### St. Petersburg 2008-19 IX-XI (Russia) 62p

geometry problems from Saint Petersburg Mathematical Olympiads
with aops links in the names

started in 1934 as Leningrad MO,
renamed in 1992 as St. Petersburg

2008 - 2019

Pentagon $ABCDE$ has circle $S$ inscribed into it. Side $BC$ is tangent to $S$ at point $K$. If $AB=BC=CD$, prove that angle $EKB$ is a right angle.

Point $O$ is the center of the circle into which quadrilateral $ABCD$ is inscribed. If angles $AOC$ and $BAD$ are both equal to $110$ degrees and angle $ABC$ is greater than angle $ADC$, prove that $AB+AD>CD$.

2008 St. Petersburg  MO grade X P5
In cyclic quadrilateral $ABCD$ rays $AB$ and $DC$ intersect at point $E$, while segments $AC$ and $BD$ intersect at $F$. Point $P$ is on ray $EF$ such that angles $BPE$ and $CPE$ are congruent. Prove that angles $APB$ and $DPC$ are also equal.

2008 St. Petersburg  MO grade XI P5
All faces of the tetrahedron $ABCD$ are acute-angled triangles.$AK$ and $AL$ -are altitudes in faces $ABC$ and $ABD$. Points $C,D,K,L$ lies on circle. Prove, that $AB \perp CD$

Points $A_1$ and $C_1$ are on $BC$ and $AB$ of acute-angled triangle $ABC$ . $AA_1$ and $CC_1$ intersect in $K$. Circumcircles of $AA_1B,CC_1B$ intersect in $P$ - incenter of $AKC$.
Prove that $P$ - orthocenter of $ABC$ .

2009 St. Petersburg  MO grade IX P5
$ABC$ is acute-angled triangle. $AA_1,BB_1,CC_1$ are altitudes. $X,Y$ - midpoints of $AC_1,A_1C$. $XY=BB_1$. Prove that one side of $ABC$ in $\sqrt{2}$ greater than other side.

2009 St.
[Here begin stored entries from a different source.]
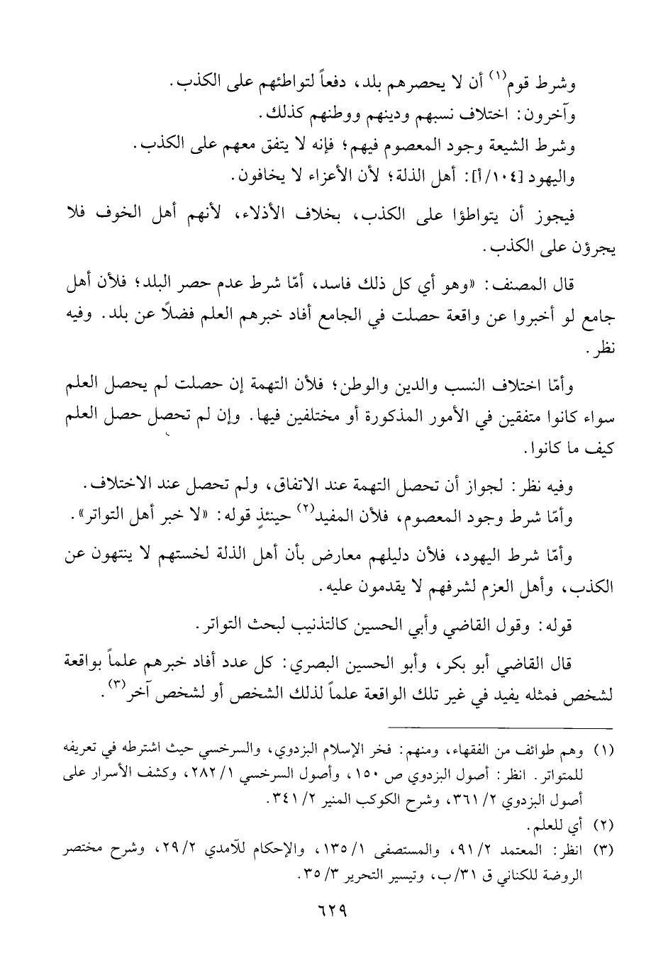 وشرط الشيعة وجود المعصوم فيهم؛ فإنه لا يتفق معهم على الكذب.
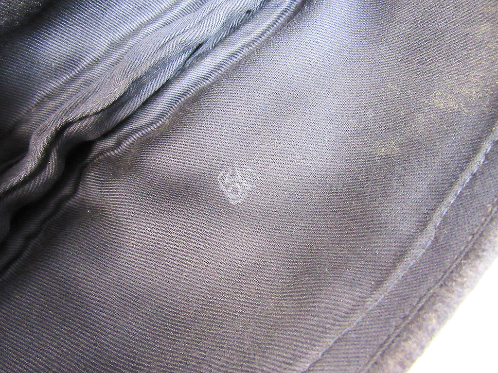 裏地はブルーグレーの綿生地 サイズ56の白いスタンプが有ります。
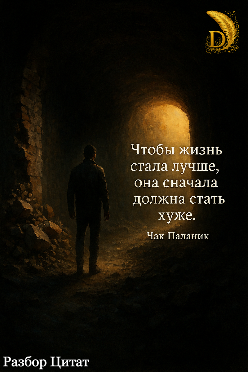 Цитата: ✨ «Чтобы жизнь стала лучше, она сначала должна стать хуже.» — Чак Паланик 🔹 О чём эта цитата? О честной стороне перемен. О том, что развитие почти всегда начинается с дискомфорта: рушатся привычные опоры, исчезает чувство стабильности, появляется страх. Это не сбой системы, а её работа 🔄. Цитата говорит о переходном моменте, когда старое уже не работает, а новое ещё не оформилось. 🔹 Почему это важно? Потому что в сложные периоды мы часто думаем, что идём не туда 😣. Эта мысль помогает переосмыслить боль и кризис: не как поражение, а как этап. Она учит не торопиться с выводами и не обесценивать путь только потому, что он оказался трудным. 🔹 Почему и для кого актуальна? Для всех, кто сейчас стоит на перепутье: меняет работу, отношения, взгляды на жизнь или самого себя 🧭. Для тех, кто чувствует, что стало «хуже», но не понимает — зачем. Эта цитата особенно близка тем, кто растёт, даже если рост пока ощущается как падение 💭✨. 🧭 Толкование Цитата говорит о простой, но непри
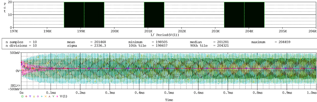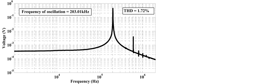 waveform generated by the oscillator for the frequency 203.01 kHz (for the same component values) is shown in Figure 4(b). Figure 5 shows the frequency response of the output, where the Total Harmonic Distortion (THD) is found to be 1.72%. The oscillator circuit of Figure 2 has been checked for robustness using Monte-Carlo simulation, the sample results have been shown in Figure 6 which confirm that, for ±5% variation in the value of R1, the value of oscillation frequency remains close to its normal value of 204.459 kHz and hence almost unaffected by change in R1. Figure 7 shows the variability
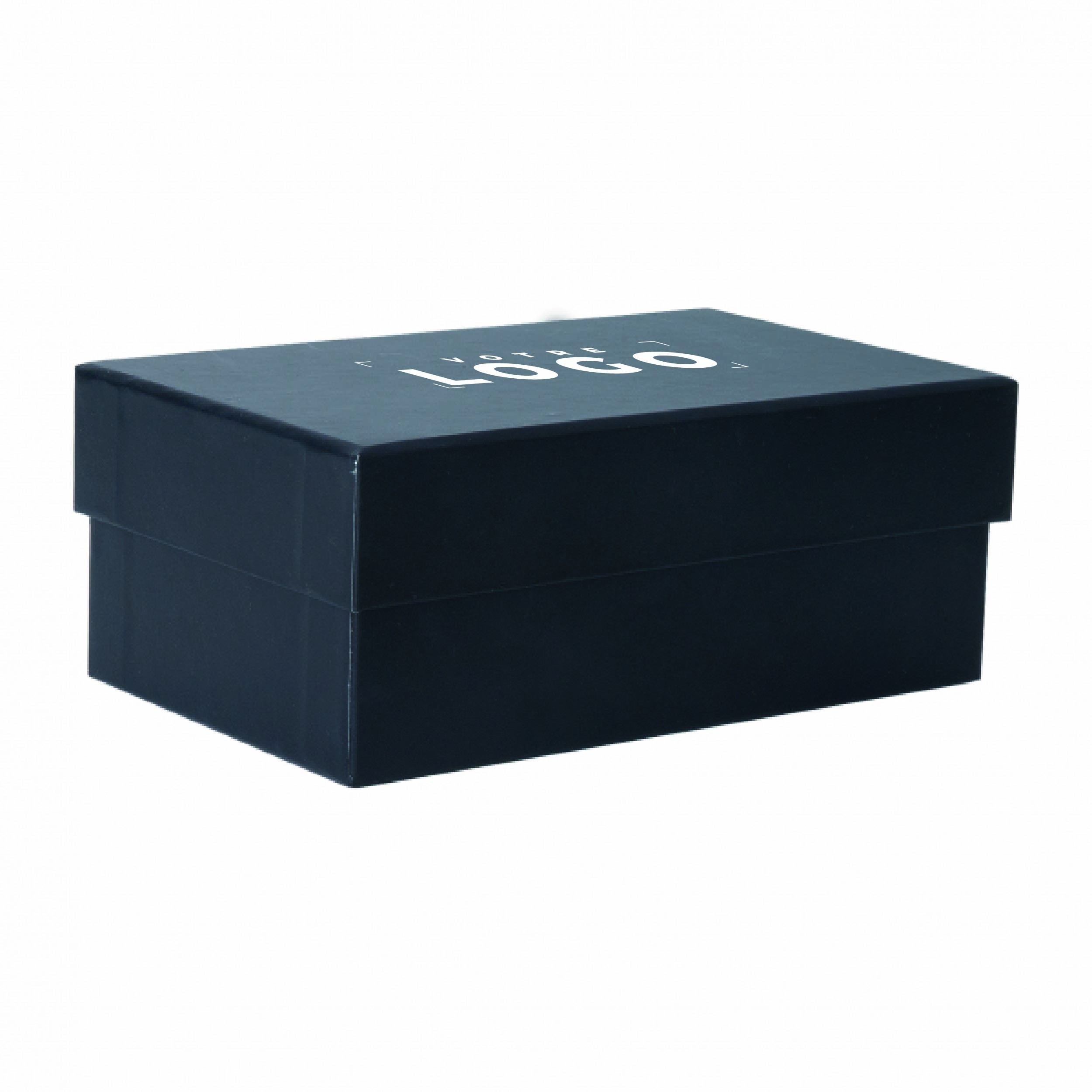 Coffret de 2 bougies en verre Made in France, présenté dans un coffret en carton robuste 800 gr/m². Dimensions du coffret : 17,2 x 10,6 x 7 cm. Chaque bougie mesure ø 4,9 x 5,2 cm. Personnalisable avec le parfum de votre choix parmi Santal, Citron, Myrtille et Héliotrope. Produit vendu uniquement avec marquage, licence exclusive. Idéal pour cadeaux d’entreprise, clients et collaborateurs, alliant raffinement et élégance.
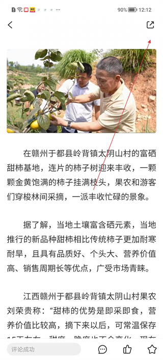 3、在文章詳情頁閱讀內容后點擊右上角分享按鈕,準備將文章分享至其他渠道。
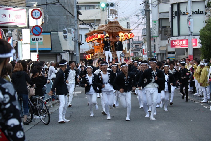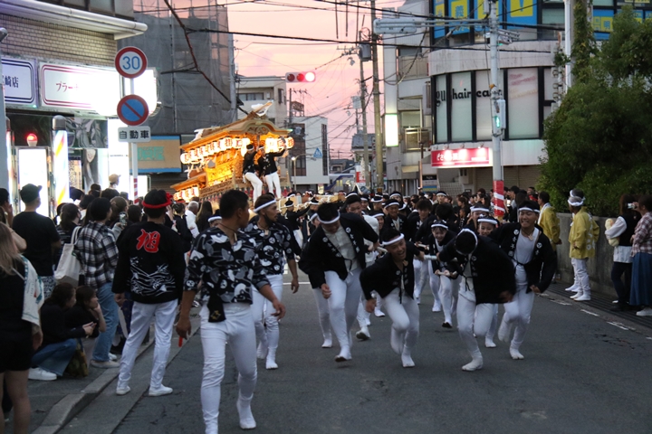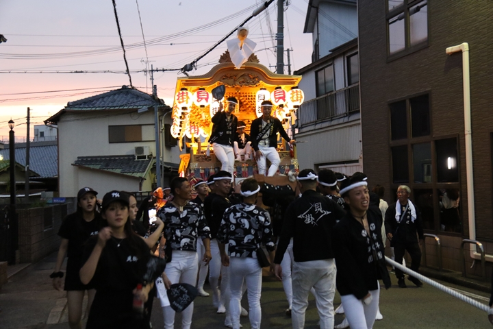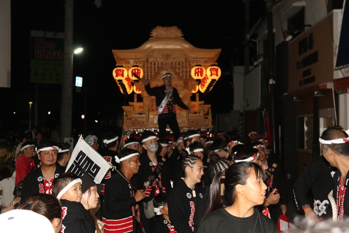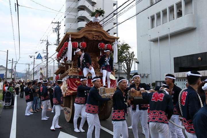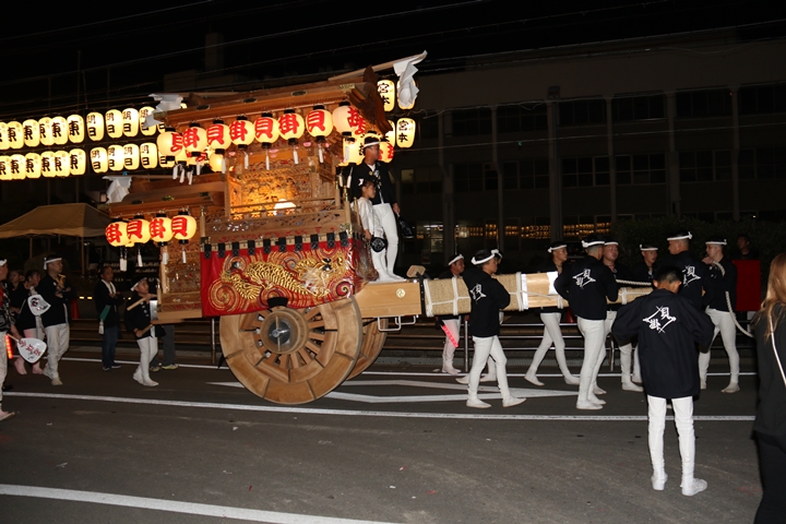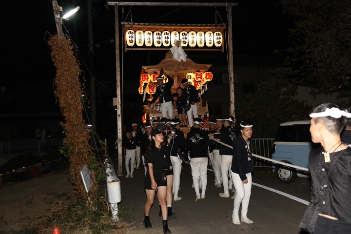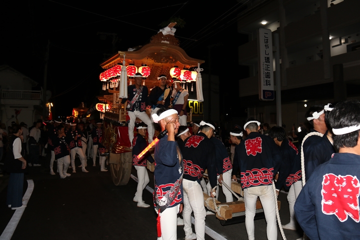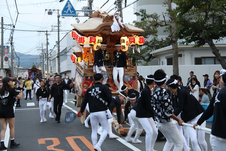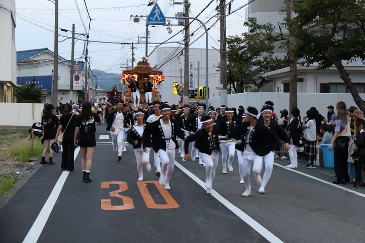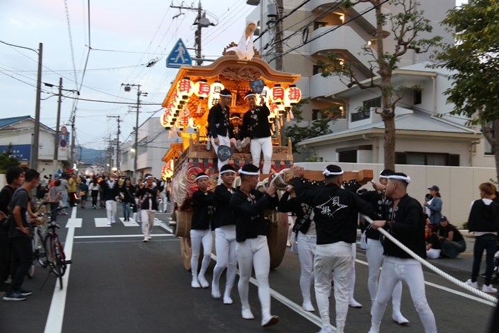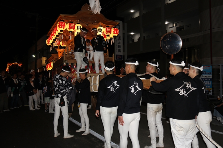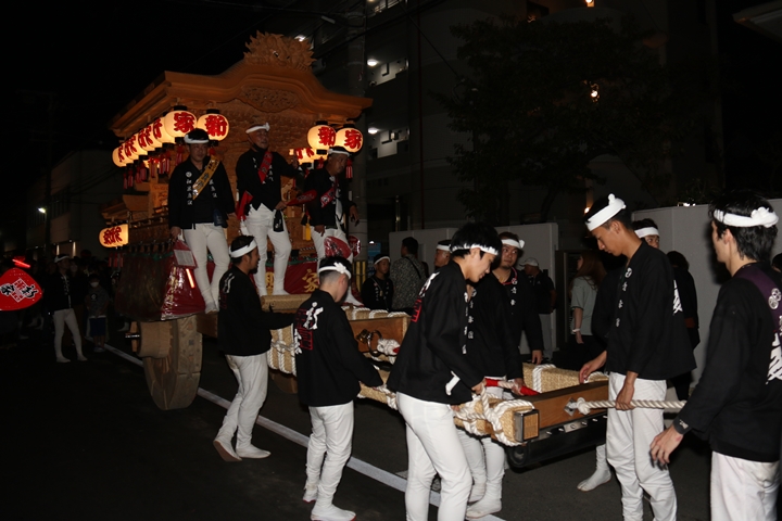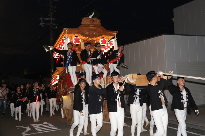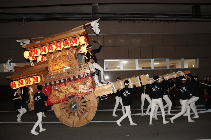 | ◎ 自町やぐら曳行の記録 指出森神社 → (村中2周) → 指出森神社(箱作東,箱作西と合流) → 旧武輪駐車場付近交差点(順番入替え) → 鳥取ノ荘駅南改札前(波有手組と合流) → お好み焼き竹前(榮組,新町と合流) → 阪南市役所前(開会式) → マンダイ前コース → マンダイ前コース → 田中外科前コース → マンダイ前コース → マンダイ前コース → 阪南消防署付近(箱作東,箱作西と合流) → 鳥取ノ荘駅南改札前 → タクミ技研前(箱作東,箱作西と離散) → 指出森神社 |
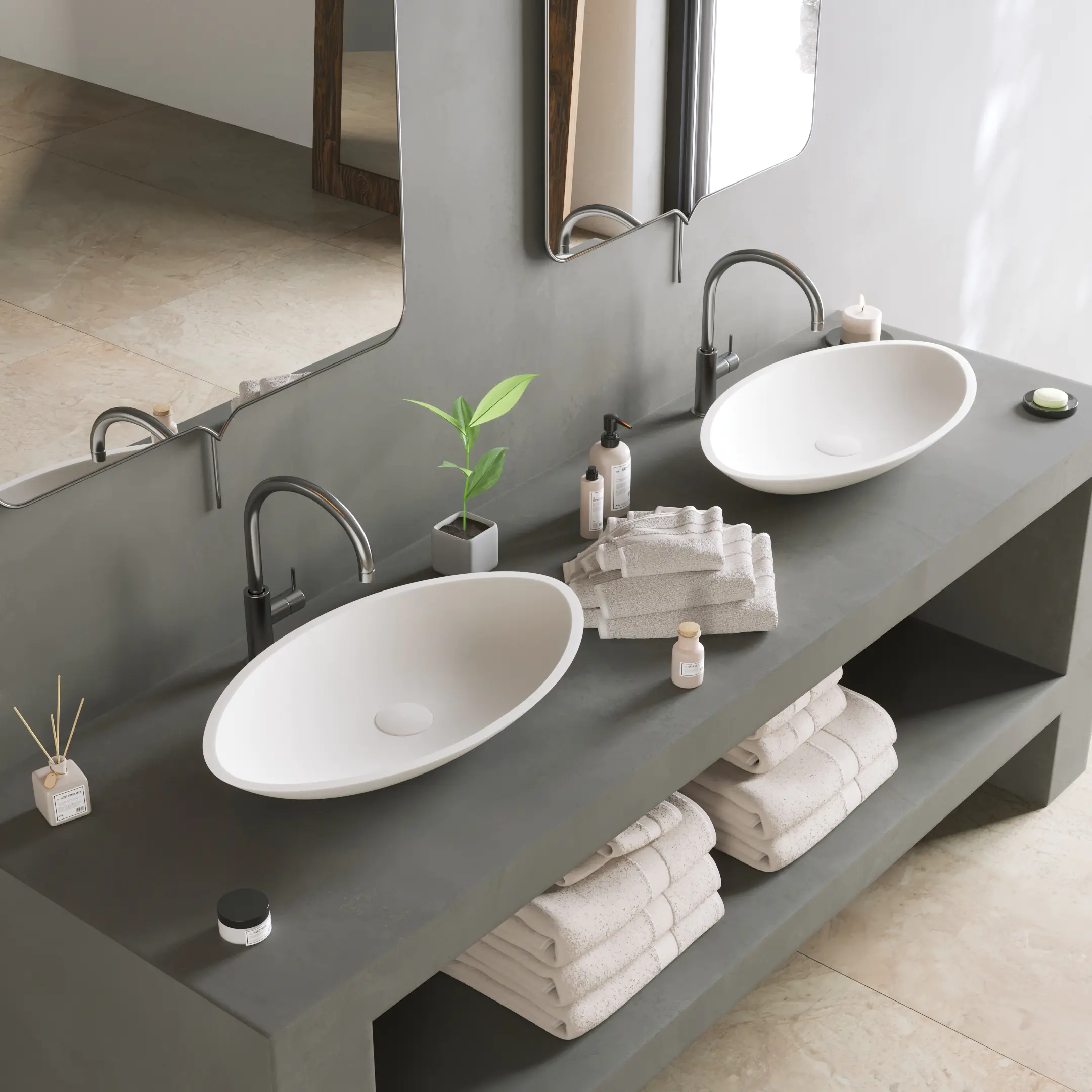 Deze opbouw waskom is geproduceerd in de kleur mat wit en heeft een ovale vorm. De hoogte van deze waskom bedraagt 9 cm, de breedte 60 cm en de diepte 35 cm. Het matte, fluweelachtige oppervlak van de wasbak voelt prettig aan en is makkelijk schoon te maken en te onderhouden.
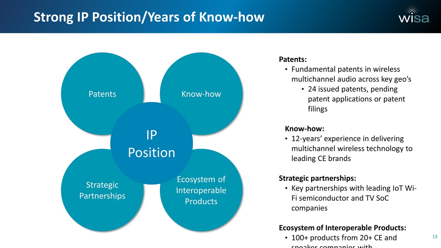 Strong IP Position/Years of Know - how Patents Know - how Strategic Partnerships Ecosystem of Interoperable Products IP Position Patents: • Fundamental patents in wireless multichannel audio across key geo’s • 24 issued patents, pending patent applications or patent filings Know - how: • 12 - years’ experience in delivering multichannel wireless technology to leading CE brands Strategic partnerships: • Key partnerships with leading IoT Wi - Fi semiconductor and TV SoC companies Ecosystem of Interoperable Products: • 100+ products from 20+ CE and speaker companies with 13
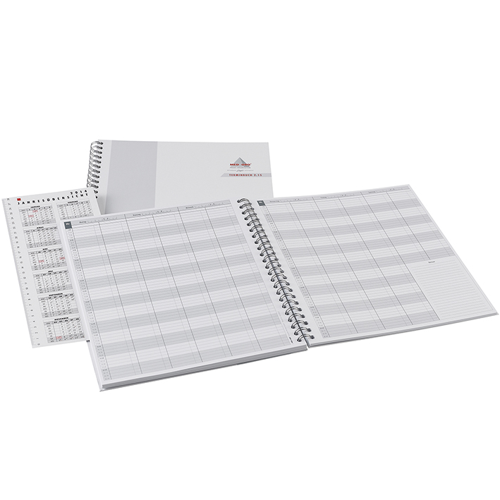 2 Spalten pro Tag, 15-Minuten-Takt, Ringbuch, neutral für 52 Wochen, Montag bis Samstag, je Woche ½ Notizenspalte, 10 Notizenseiten, Telefonregister A-Z, Buch geschlossen 27 x 30 cm, offen 53 x 30 cm (B x H)
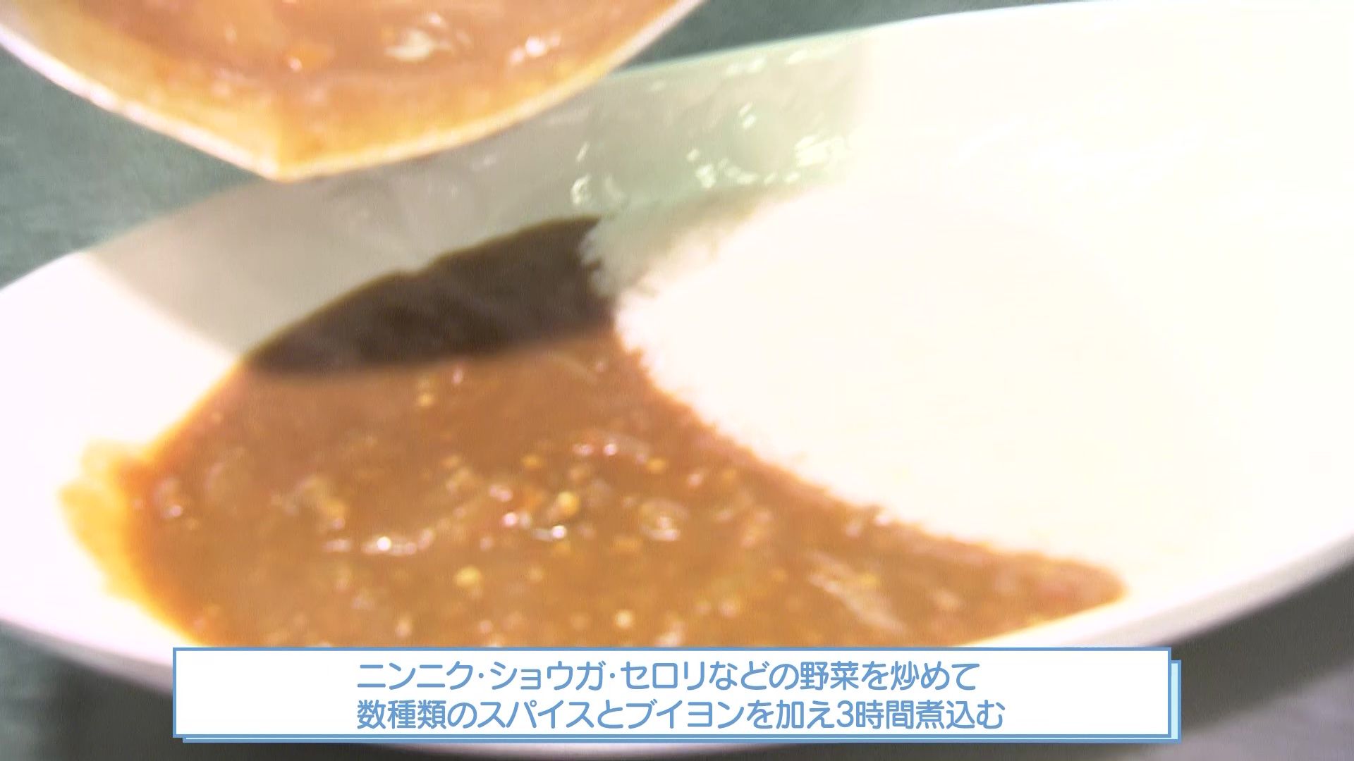 特製エビフライカレーもイチオシ。ニンニク・生姜・タマネギ・ニンジン・セロリをトロトロになるぐらいまで炒めて、ブイヨンを加えて3時間煮込んだカレーで、フルーティな味わいです。 揚げたてサクサクのエビフライをトッピングしたこだわりの1皿です。
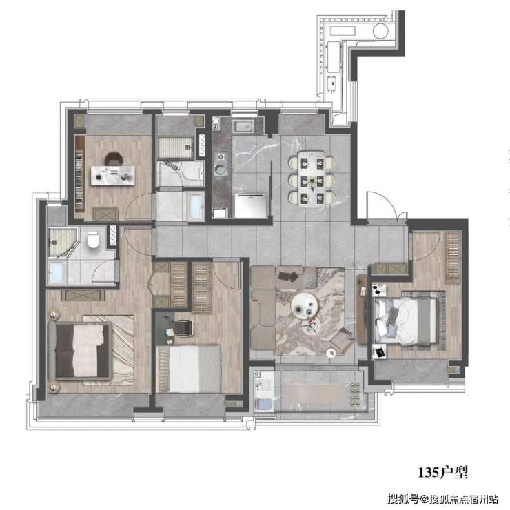 三进:尊享水苑-入户门庭仪式水景;下沉会所-私享品质生活;社区会客厅(约20m²)-度假式摩登私享泛会所。
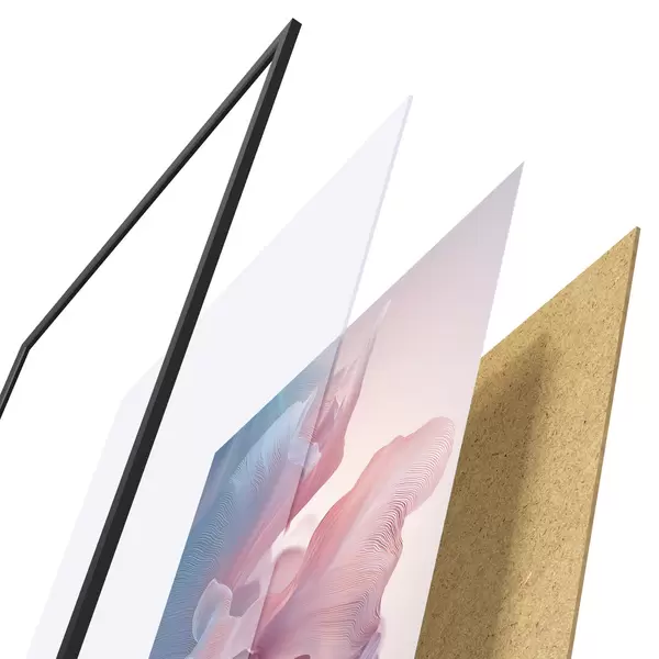 Plakát se skládá z rámu, plexiskla, tištěného obrazu a dřevotřískového podkladu. Díky úchytům na zadní straně lze plakát ihned zavěsit na zeď.

Petersburg  MO grade X P2
$ABCD$ is convex quadrilateral with $AB=CD$. $AC$ and $BD$ intersect in $O$. $X,Y,Z,T$ are midpoints of $BC,AD,AC,BD$. Prove, that circumcenter of $OZT$ lies on $XY$.

Streets of Moscow are some circles (rings) with common center $O$ and some straight lines from center $O$ to external ring. Point $A,B$ - two crossroads on external ring. Three friends want to move from $A$ to $B$. Dima goes by external ring, Kostya goes from $A$ to $O$ then to $B$. Sergey says, that there is another way, that is shortest. Prove, that he is wrong.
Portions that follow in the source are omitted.